Task to complete: Omit the pictures and reproduce the rest of the listing exactly.

**** Data supplied ****

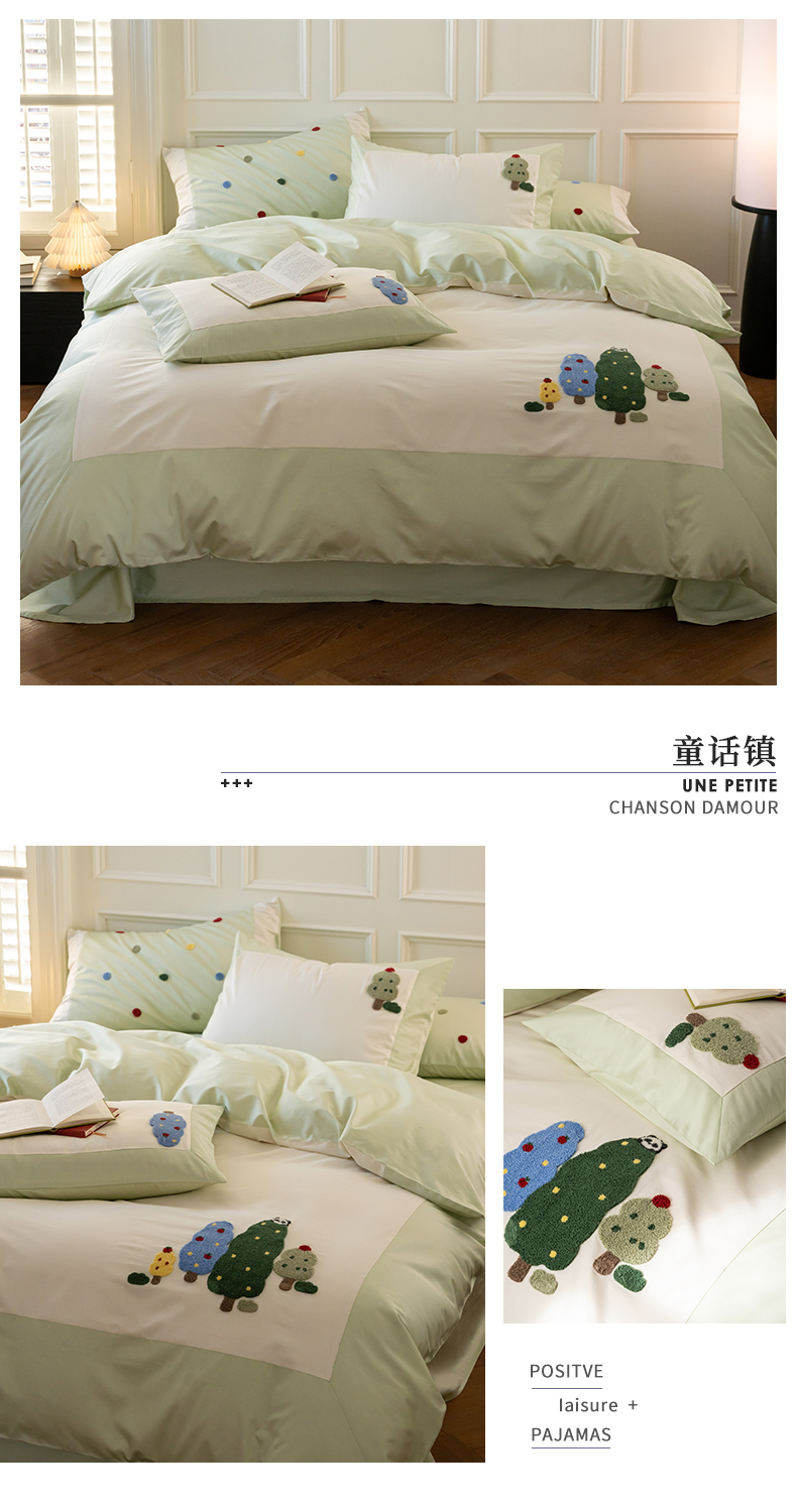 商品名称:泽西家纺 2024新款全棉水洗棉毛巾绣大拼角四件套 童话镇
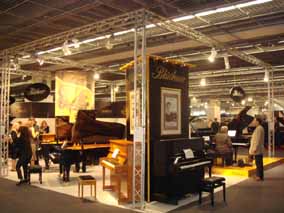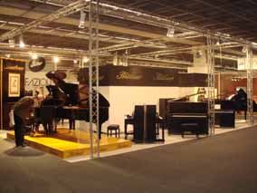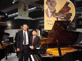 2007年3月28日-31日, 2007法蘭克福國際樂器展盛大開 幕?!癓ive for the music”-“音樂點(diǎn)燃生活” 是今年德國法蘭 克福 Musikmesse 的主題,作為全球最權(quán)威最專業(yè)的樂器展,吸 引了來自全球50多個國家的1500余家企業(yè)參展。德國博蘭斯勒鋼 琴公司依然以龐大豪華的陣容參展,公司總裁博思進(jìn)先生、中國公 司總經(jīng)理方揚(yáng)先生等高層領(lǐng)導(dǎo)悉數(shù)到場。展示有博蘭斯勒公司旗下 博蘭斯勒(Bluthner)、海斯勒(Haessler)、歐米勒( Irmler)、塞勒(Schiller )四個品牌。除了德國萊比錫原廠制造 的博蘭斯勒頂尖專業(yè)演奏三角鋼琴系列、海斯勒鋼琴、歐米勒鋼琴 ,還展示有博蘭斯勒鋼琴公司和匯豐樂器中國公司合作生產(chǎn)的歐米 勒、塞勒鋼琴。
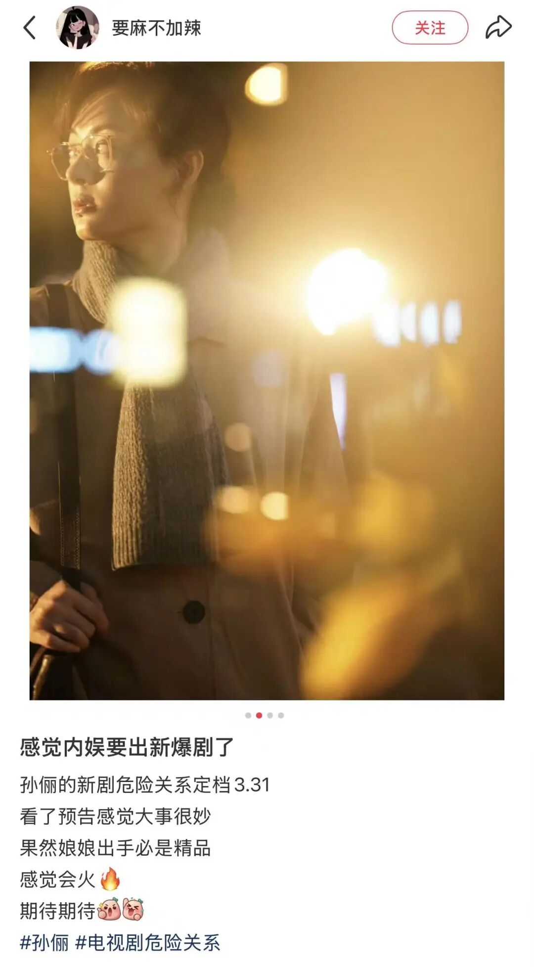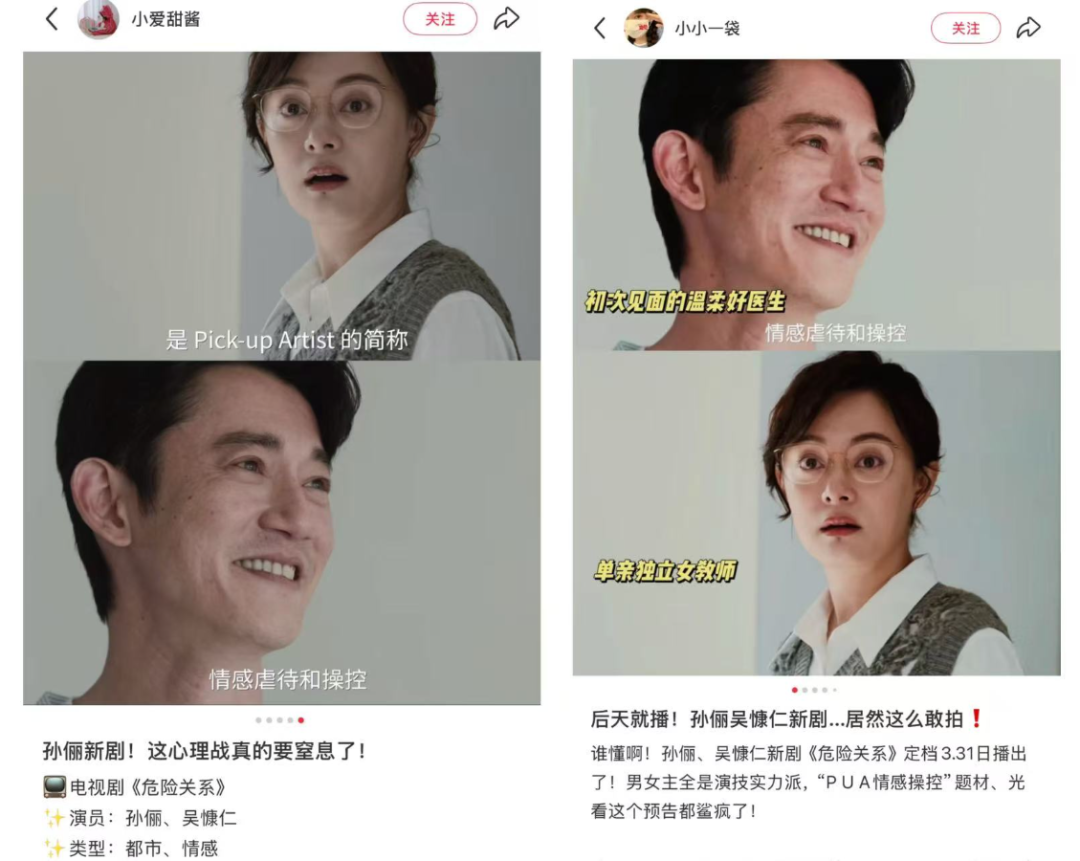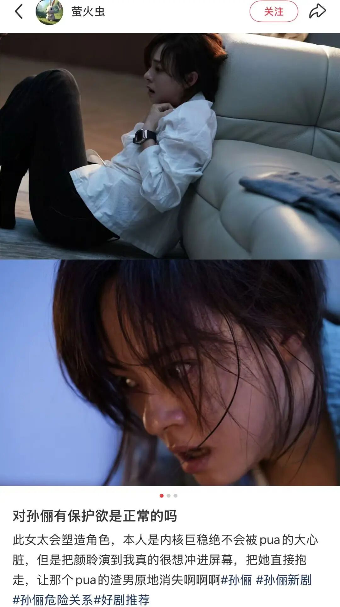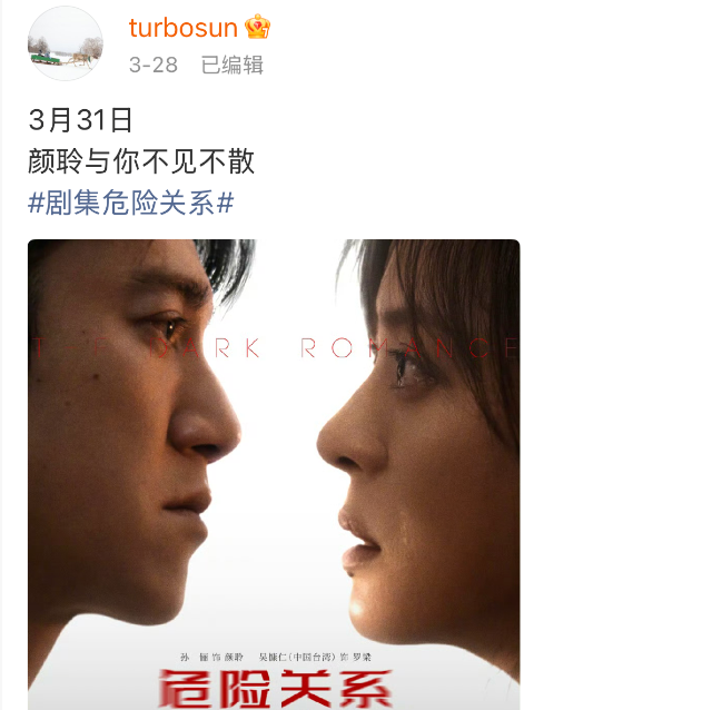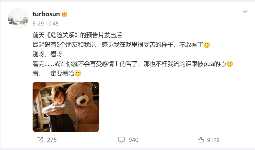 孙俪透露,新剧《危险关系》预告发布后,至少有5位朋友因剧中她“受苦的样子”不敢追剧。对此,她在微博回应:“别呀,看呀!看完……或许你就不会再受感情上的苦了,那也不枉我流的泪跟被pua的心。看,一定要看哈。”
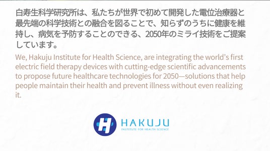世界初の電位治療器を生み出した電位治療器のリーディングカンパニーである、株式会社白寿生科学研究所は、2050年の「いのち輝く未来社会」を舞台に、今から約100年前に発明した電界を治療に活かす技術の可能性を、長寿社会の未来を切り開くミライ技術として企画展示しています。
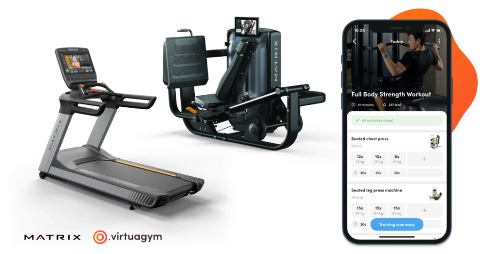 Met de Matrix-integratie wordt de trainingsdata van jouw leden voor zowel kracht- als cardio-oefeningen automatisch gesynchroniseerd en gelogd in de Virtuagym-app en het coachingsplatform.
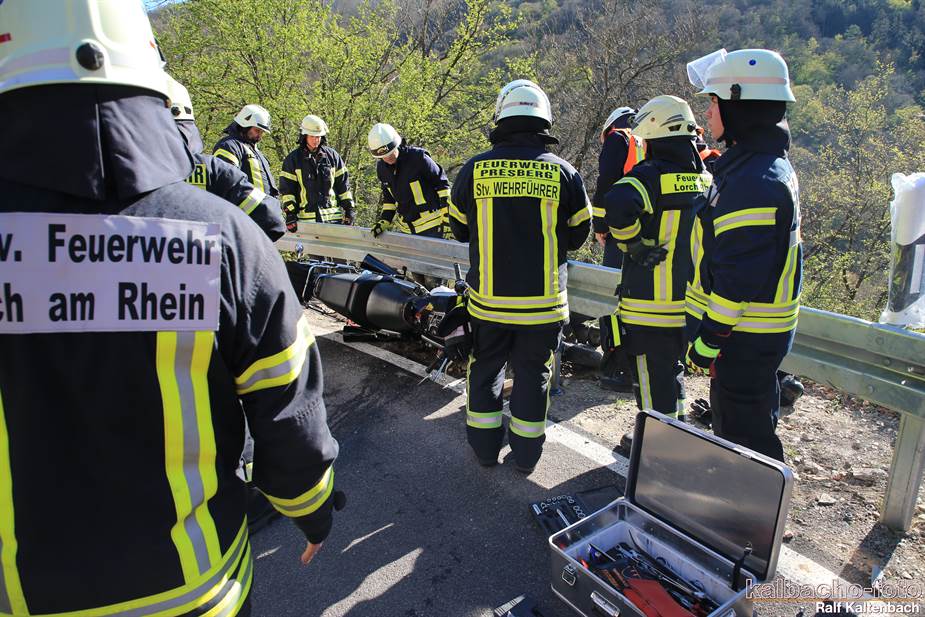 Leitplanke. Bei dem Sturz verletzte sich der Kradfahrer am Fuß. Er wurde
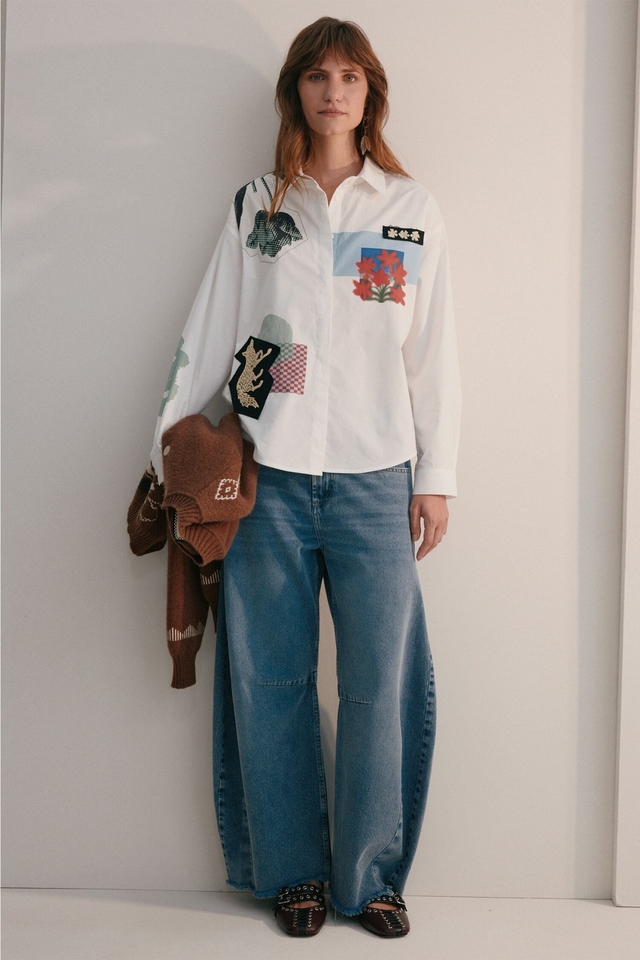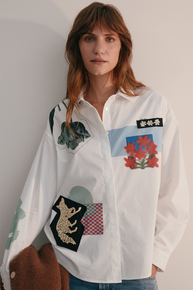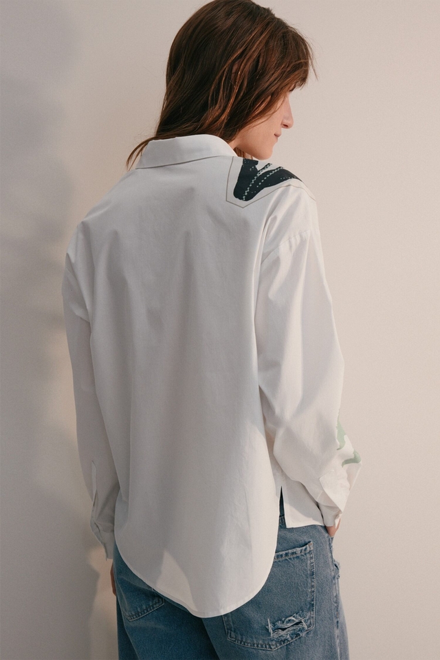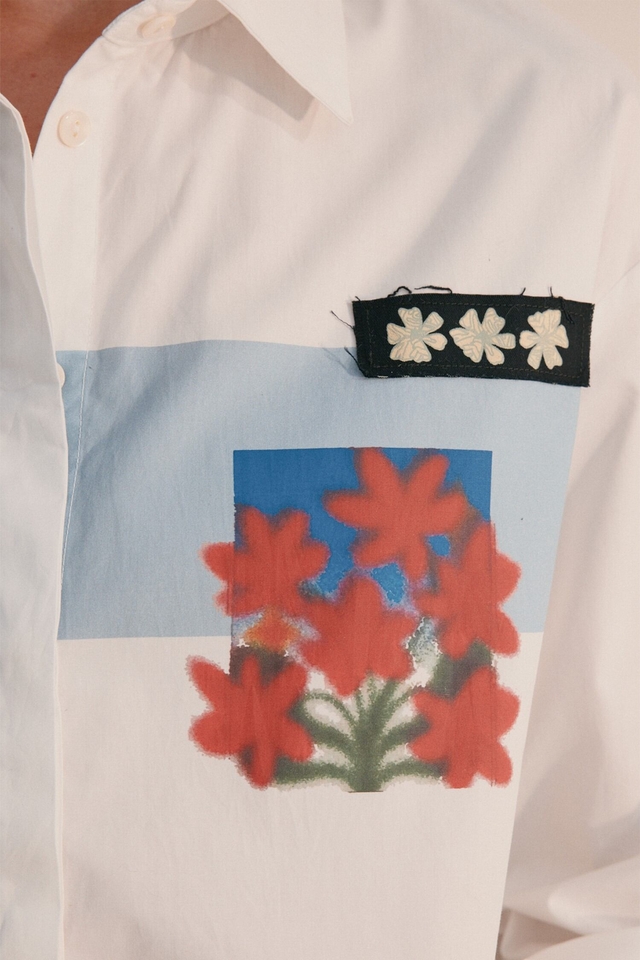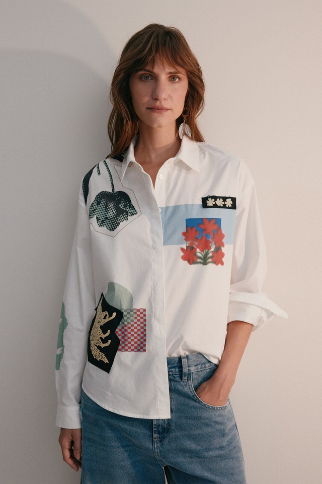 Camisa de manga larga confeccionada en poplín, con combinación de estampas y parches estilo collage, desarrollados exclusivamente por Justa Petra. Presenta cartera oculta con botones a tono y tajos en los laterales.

****

Response box:
 商品名称:泽西家纺 2024新款全棉水洗棉毛巾绣大拼角四件套 童话镇
 2007年3月28日-31日, 2007法蘭克福國際樂器展盛大開 幕?!癓ive for the music”-“音樂點(diǎn)燃生活” 是今年德國法蘭 克福 Musikmesse 的主題,作為全球最權(quán)威最專業(yè)的樂器展,吸 引了來自全球50多個國家的1500余家企業(yè)參展。德國博蘭斯勒鋼 琴公司依然以龐大豪華的陣容參展,公司總裁博思進(jìn)先生、中國公 司總經(jīng)理方揚(yáng)先生等高層領(lǐng)導(dǎo)悉數(shù)到場。展示有博蘭斯勒公司旗下 博蘭斯勒(Bluthner)、海斯勒(Haessler)、歐米勒( Irmler)、塞勒(Schiller )四個品牌。除了德國萊比錫原廠制造 的博蘭斯勒頂尖專業(yè)演奏三角鋼琴系列、海斯勒鋼琴、歐米勒鋼琴 ,還展示有博蘭斯勒鋼琴公司和匯豐樂器中國公司合作生產(chǎn)的歐米 勒、塞勒鋼琴。
 孙俪透露,新剧《危险关系》预告发布后,至少有5位朋友因剧中她“受苦的样子”不敢追剧。对此,她在微博回应:“别呀,看呀!看完……或许你就不会再受感情上的苦了,那也不枉我流的泪跟被pua的心。看,一定要看哈。”
世界初の電位治療器を生み出した電位治療器のリーディングカンパニーである、株式会社白寿生科学研究所は、2050年の「いのち輝く未来社会」を舞台に、今から約100年前に発明した電界を治療に活かす技術の可能性を、長寿社会の未来を切り開くミライ技術として企画展示しています。
 Met de Matrix-integratie wordt de trainingsdata van jouw leden voor zowel kracht- als cardio-oefeningen automatisch gesynchroniseerd en gelogd in de Virtuagym-app en het coachingsplatform.
 Leitplanke. Bei dem Sturz verletzte sich der Kradfahrer am Fuß. Er wurde
 Camisa de manga larga confeccionada en poplín, con combinación de estampas y parches estilo collage, desarrollados exclusivamente por Justa Petra. Presenta cartera oculta con botones a tono y tajos en los laterales.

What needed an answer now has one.